In the diagram below we show how these elements might be used to represent
the data from the Hubble Wide Field and Planetary Camera. The data
from the four CCDs can be organized as an 800x800x4 block. Mappings
describe the layout of the detector panels and the sky
layout in two coordinate systems.
The Index Set is not constrained to be rectangular. Using this
feature, another Data Container can be defined describing just the
Wide Field Camera, as shown in the accompanying figure below. This
object uses a different Index Set and
correspondingly different mappings to access the same data. The data
provider (i.e., archive) defines the Data Container(s) and Index
Set(s). This gives the provider the flexibility to create an
organization natural for its data, while at the same time define
alternate views for different audiences or purposes.
In a fiberoptic spectrometer, 1-D spectra are measured at a number of
irregularly-arranged sky positions.
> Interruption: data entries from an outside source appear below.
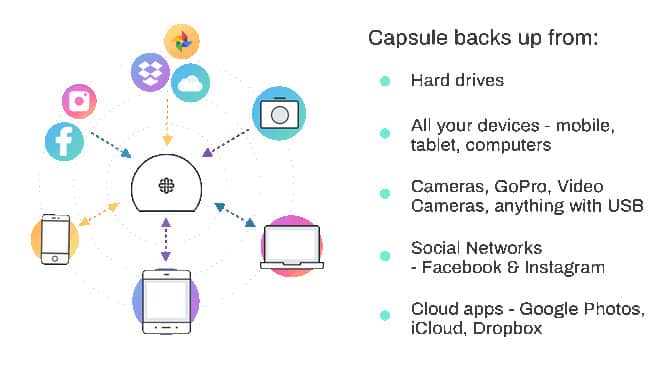 The Capsule has no on-board storage, so it will require an external hard drive to function, but the device accumulates and organizes photos from a much wider range of sources than other devices and cloud services with no monthly fee attached.
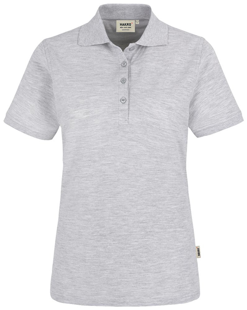 Klassisches Damen-Polo-Shirt aus feinmaschigem Piqué aus 100% langstapeliger, gekämmter und ringgesponnener Baumwolle, ca. 200 g/m2 (ash-meliert: 98% Baumwolle/2% Viskose) ∙ Feminin geschnitten (Regular Fit) ∙ Gewebtes Necklabel aus hochwertigem Kettsatin mit weichen, ultraschallgeschnittenen Bandkanten für höchsten Tragekomfort sowie gewebtes Flaglabel an der linken Seitennaht ∙ Mit modisch schmaler, hochwertig verarbeiteter 4-Loch-Knopfleiste mit extrahaltbar angenähten, bruchsicheren Knöpfen, "Ton in Ton" mit dem gelaserten HAKRO-Schriftzug ∙ Mit Ersatzknopf, Nackenband und doppelt geriegelten Seitenschlitzen ∙ Waschbar bis 60 °C ∙ Einlaufvorbehandelt
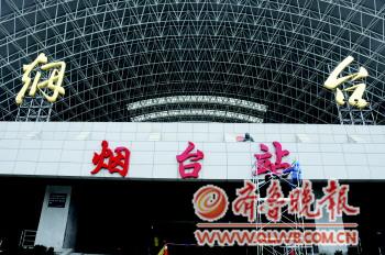 烟台火车站南口加上了“烟台站”三个大字。记者李大鹏摄
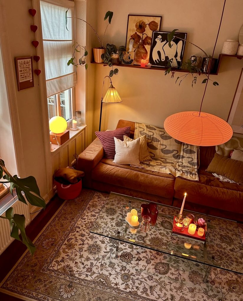 This room leans into a cozy, moody aesthetic with warm lighting, countless candles, and curated shelf décor that feels heartfelt and personal. The amber tones across the sofa and lampshades introduce subtle warm color palettes that instantly soften the room. The patterned rug anchors the space, showing how traditional motifs can feel fresh when paired with modern shapes and eclectic artwork. Even in small apartment spaces, this approach works well by keeping the seating compact while letting the décor bring in visual richness. It’s a space that celebrates personality over perfection, giving plenty of inspo for those who love intimate, low-light interiors.
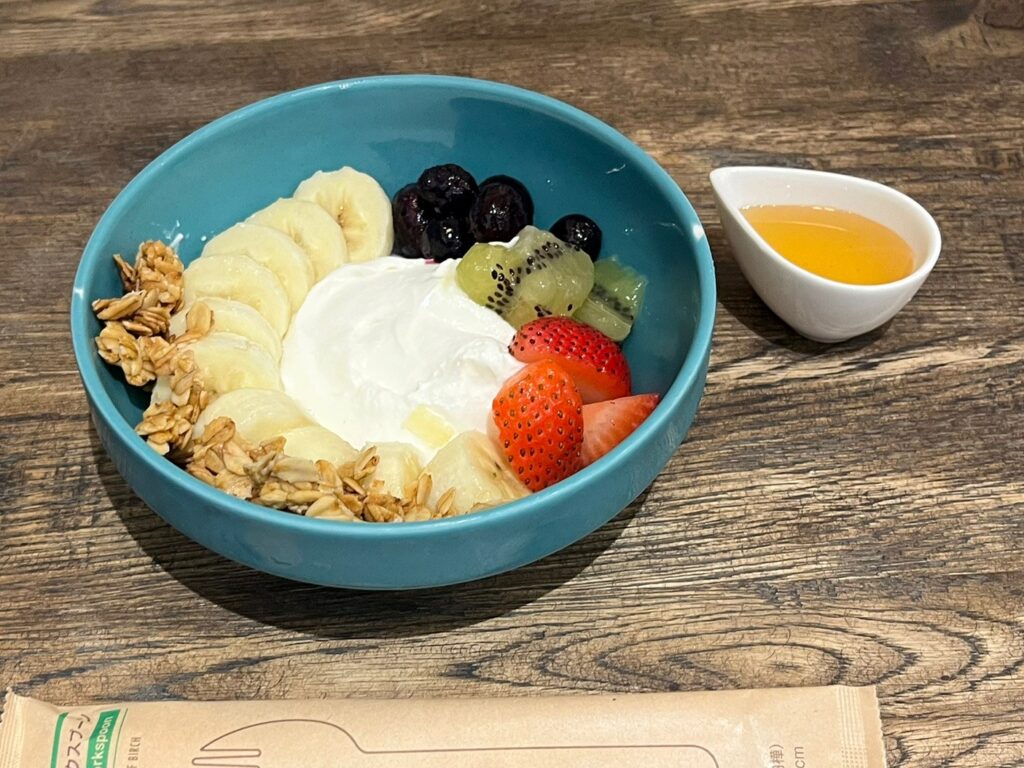 メニューを見てどうしても食べたくなった『フレッシュフルーツたっぷりのグリークヨーグルトボウル』(税込1,100円)も注文。こちらは、高タンパク質・低カロリー・腹持ちが良い・腸内環境の改善・筋肉の維持など、魅力満載のデザートです。

As seen in the next figure, the
data may be stored as a 2-D
array, each row holding the spectrum for a single position.
Consequently, each array element maps to a location in the
3-D domain sky wavelength.
Our next steps in moving the data model development forward are:
- Complete definition of components for 1-D spectra and for images.
- Define XML format for data model components.
- Develop software to render data from several archives into XML.
We are in the process of developing a prototype system. In addition to
data model components, the system includes a network interface module
that manages the communication details between clients and SIAP
services.
Acknowledgments
This material is based on work supported by the National Science Foundation under Grant No. AST-0121296 and under Cooperative Agreement No. AST-0122449. This effort is also supported by the Chandra X-ray Center under NASA contract NAS8-39073.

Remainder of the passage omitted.